Langkah Erika terhenti oleh suara ketus itu. Ia kira Ibu mertuanya lanjut tidur di dalam kamarnya. Ternyata masih setia menjadi mandor yang meresahkan.

"Mau mandi, Bu. Masaknya setelah sholat saja!" Jawab Erika kalem. Pembawaanya memang lemah lembut.

"Kamu itu mandi mau berapa kali? Tadi uda, sekarang mau mandi lagi! Memangnya air itu gratis? Anak ibu loh yang banting tulang__"

"Bu, tubuh Erika terkena keringat dan juga debu sehabis bebenah," sergah Erika cepat. Ia pusing pagi pagi buta sudah dibawelin. Apalagi kalau sudah menyangkut masalah ungkit mengungkit keuangan yang memang kewajiban seorang suami. Andai ia tidak akan menunaikan sholat, ia pun sangat enggan untuk mandi sebelum kerjaan rumah selesai semua. Tapi... Bukannya kalau akan menghadap-Nya, kita di wajibkan dalam keadaan bersih dan suci? Ingin sekali ia melontarkan hal tersebut, tetapi pasti akan berujung dikatai sok menggurui.

"Kamu itu kurang ajar sekali menjadi menantu! Selalu saja membantah!"

Tarik nafas buang nafas. Baru Erika mau menjawab dengan cara nya sendiri, Aldo-sang Suami sudah keluar kamar dengan wajah bantalnya. Rambut acak acakan sembari mengucek matanya.

"Ada apa sih, kok subuh subuh sudah ribut?" tanya Aldo sembari menatap dua wanita di depannya.

"Istri mu loh, Al, susah sekali dibilangin sama Ibu." adu Ibu Rina dengan tampang sedihnya. Nada ketusnya entah kabur kemana. Erika kadang muak melihatnya. Tetapi demi kedamaian dan agar masalah tidak berkepanjangan, Erika selalu mengalah.

"Erika?" seru Aldo penuh dengan tatapan tanyanya, meminta penjelasan.

"Aku mau sholat, Mas!" Erika berlalu ke arah kamar mandi. Menjelaskan ini dan itu, membuat kewajibannya ke Tuhan-nya bisa saja habis waktu di hari subuh itu.

"Lihatlah istri mu itu, sangat kurang ajar!

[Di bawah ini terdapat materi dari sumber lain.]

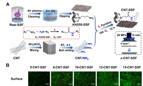 近期,中国科学院新疆理化技术研究所科研团队通过等离子体处理和浸渍法将硅烷偶联剂KH550接枝到不锈钢毡纤维表面,并利用硫磺基三组分偶联反应负载氨基化碳纳米管(CNT-NH2),成功制备了具有稳定疏水/亲油特性的功能性不锈钢纤维毡(CNT-SSF)。该材料表现出优异的疏水/亲油性能,可高通量高效分离多种油水混合物,并且展现出良好的重复使用稳定性。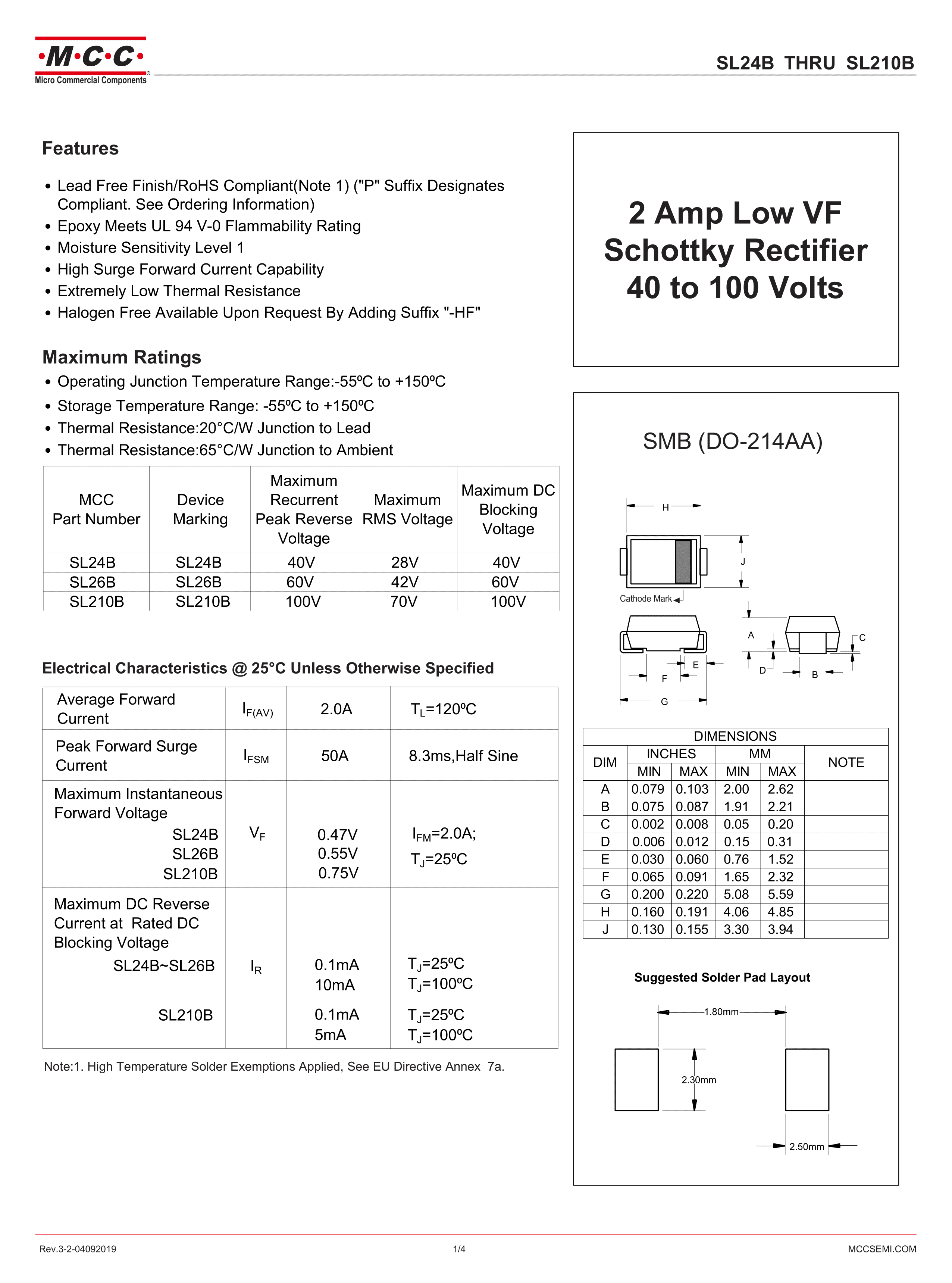 SL210B-TP数据手册SMB封装MCC(美微科)PDF规格书,中英文下载

Tidak tau cara bersikap sopan santun ke Ibu mertua dan Suami sendiri." Seperti ada angin segar, Ibu Rani punya kesempatan menjelek jelekkan Erika.

"Sudahlah, Bu. Jangan diperpanjang lagi. Lebih baik Ibu wudhu lalu sholat bersama Erika."

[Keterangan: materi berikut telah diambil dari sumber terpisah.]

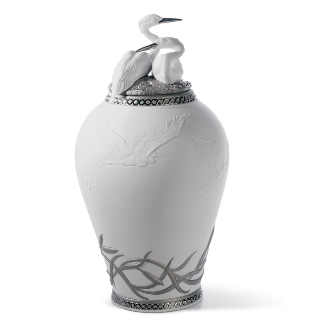 LLADRO' Figurina Anfora Aironi Cinerini Lustro Argento 30x17cm Porcellana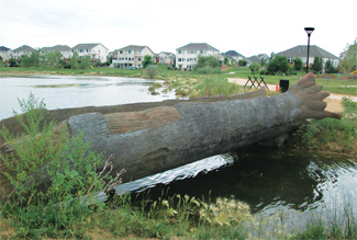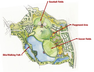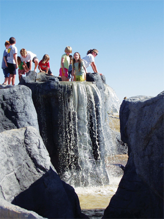 Across a lake, an interactive water feature was designed around a theme of the “watering hole.” A grotto features waterfall columns, with cascades flowing down into a series of runnels that snakes around the water’s edge. Children can splash and play in the “stream” of recycling water. A fun place to play, this water feature was far less expensive than building a pool. (A future construction phase will include a swimming pool and recreation center in the park.)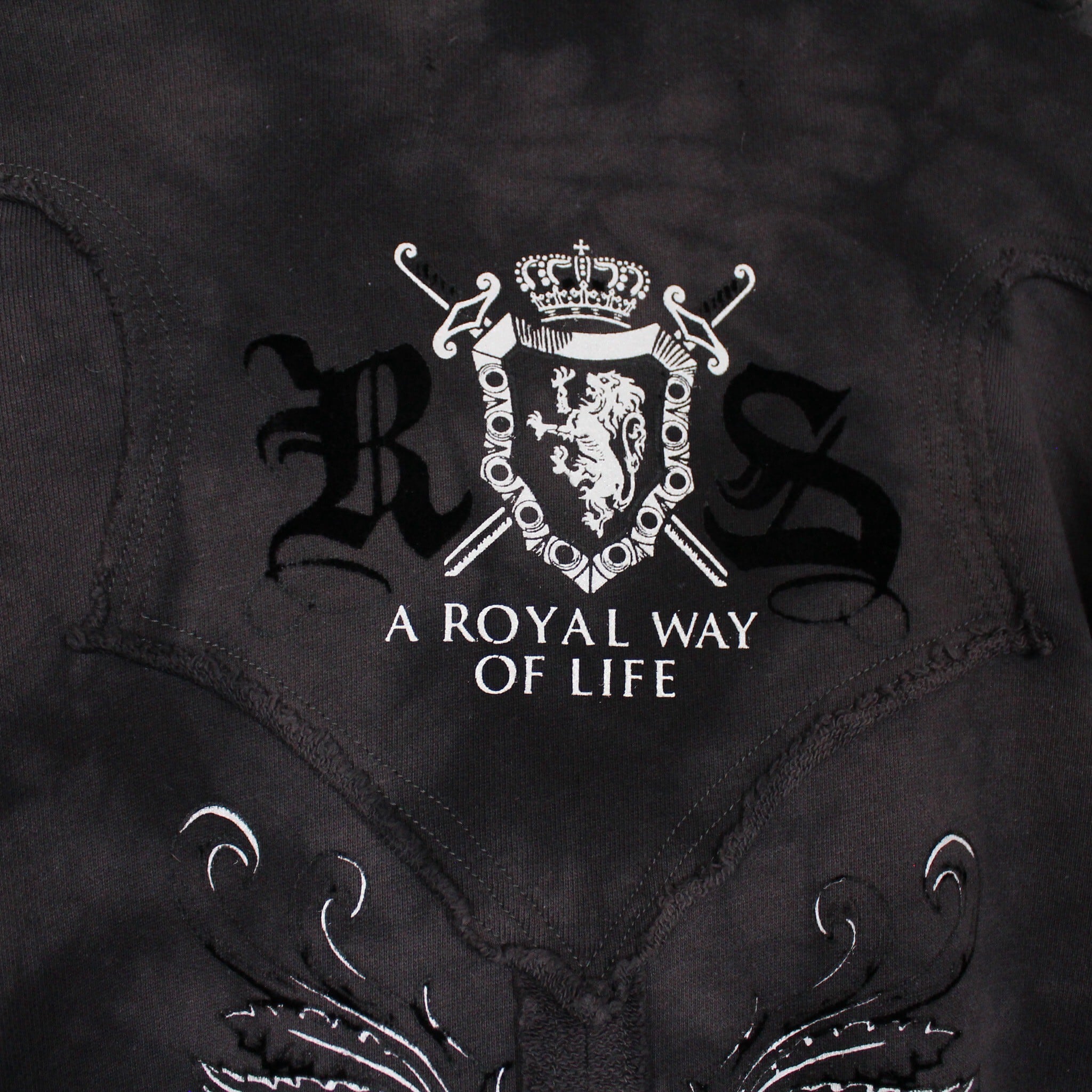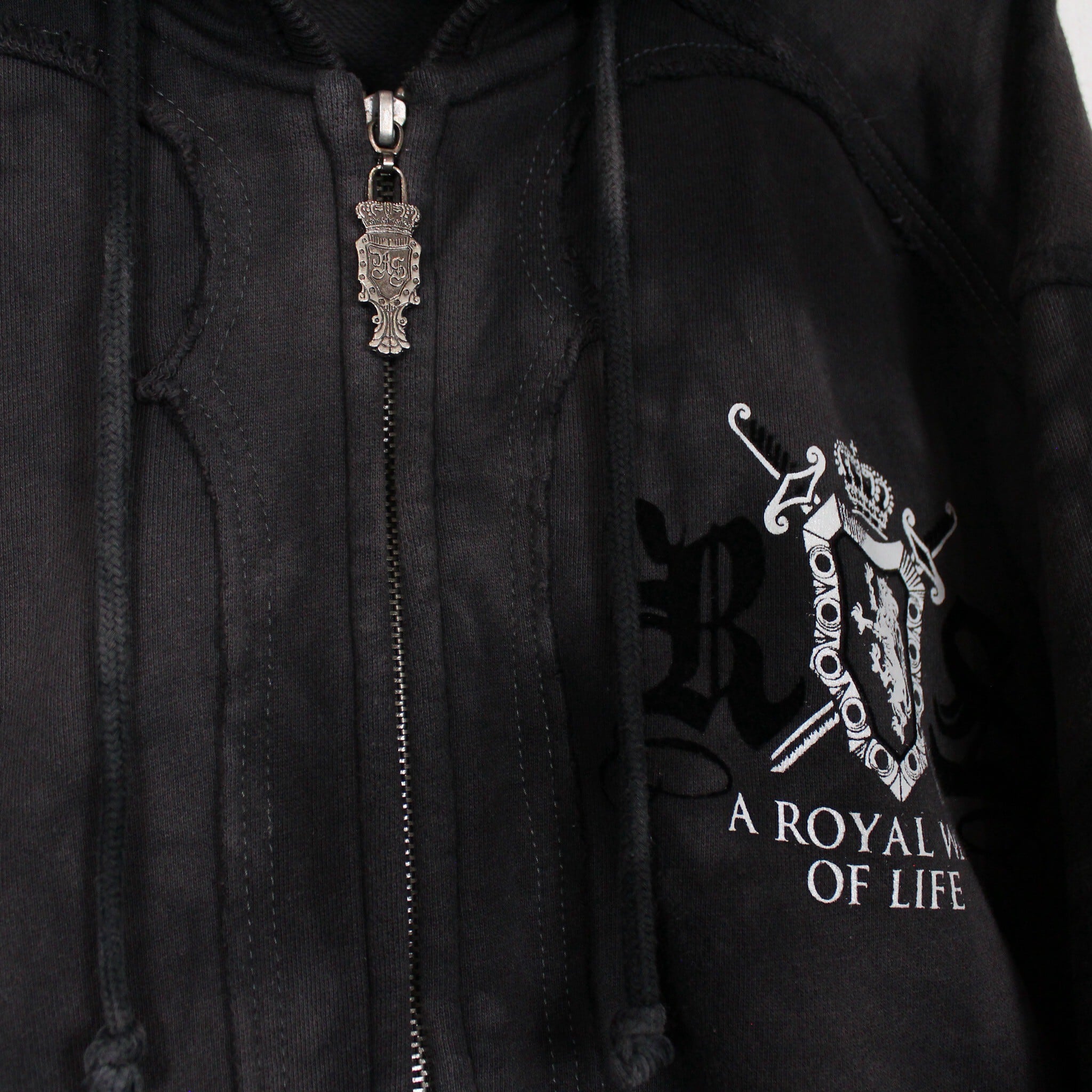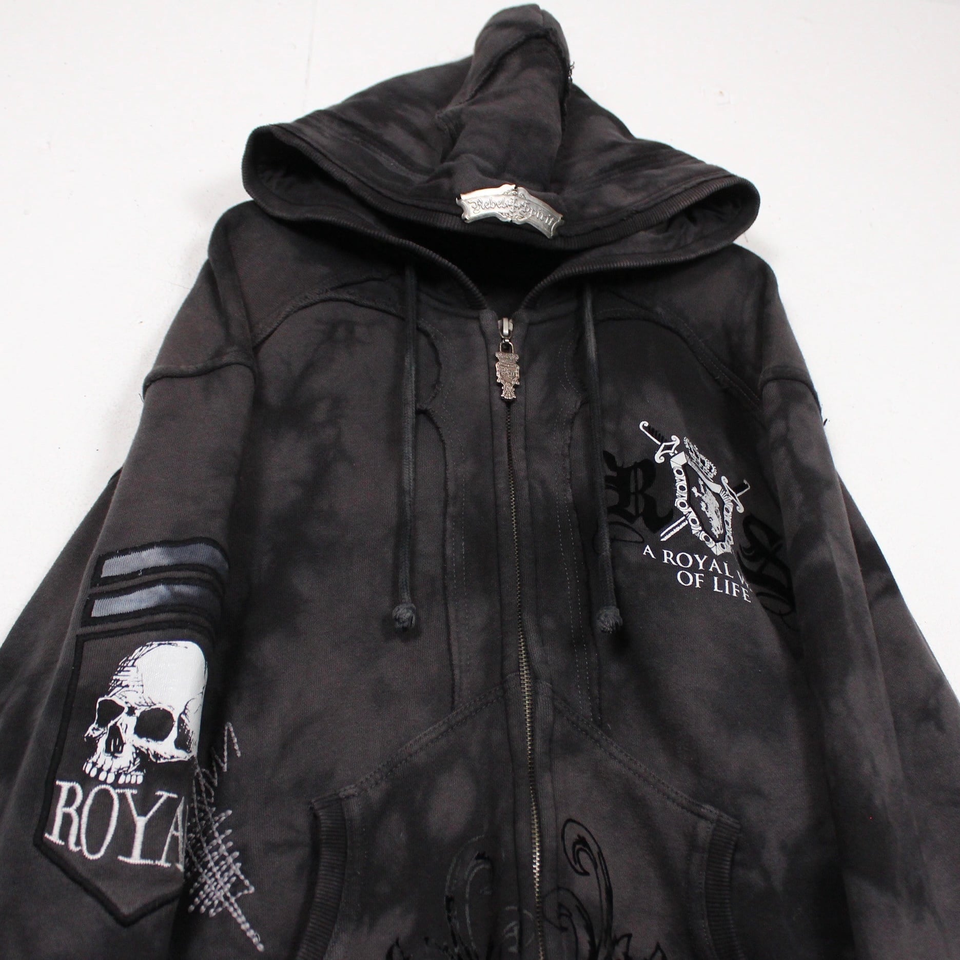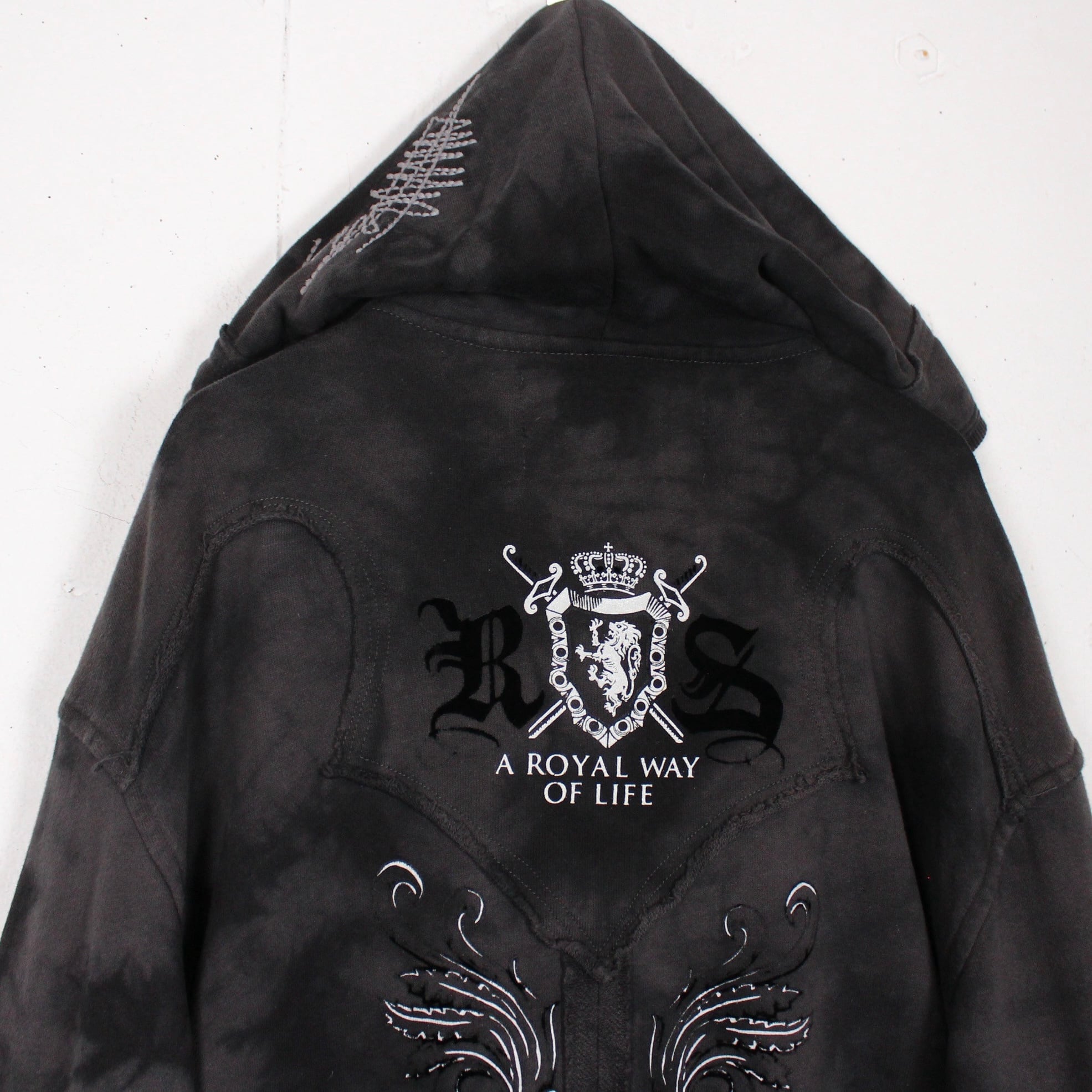 染めを効かせたようなグラデーション掛かったボディに、スカルやボタニカルなどをふんだんに使い雰囲気を放つゴシックなプリントデザインを載せたジップフーディー。

Jleb... Anak kurang ajar, umpat Ibu Rani dalam hatinya. Ia malah dinasehati. Tidak mau menyerah untuk membuat cela, Ibu Rani mengekori Aldo yang berlalu ke arah dapur.

"Kamu itu punya istri, tidak pantas buat kopi seorang diri." Bak kompor, mulut Ibu Rani menghasut anaknya untuk mencari kesalahan Erika.

"Ini cuma bikin kopi, Bu. Aku juga bisa, kasihan Erika kalau apa apa dia terus," Aldo tersenyum ke Ibunya, pertanda tidak apa-apa.

"Tapi itu sudah tugas istri!"

"Eum, tetapi Aldo juga bertugas membantu meringankan bebannya. Apa pun itu."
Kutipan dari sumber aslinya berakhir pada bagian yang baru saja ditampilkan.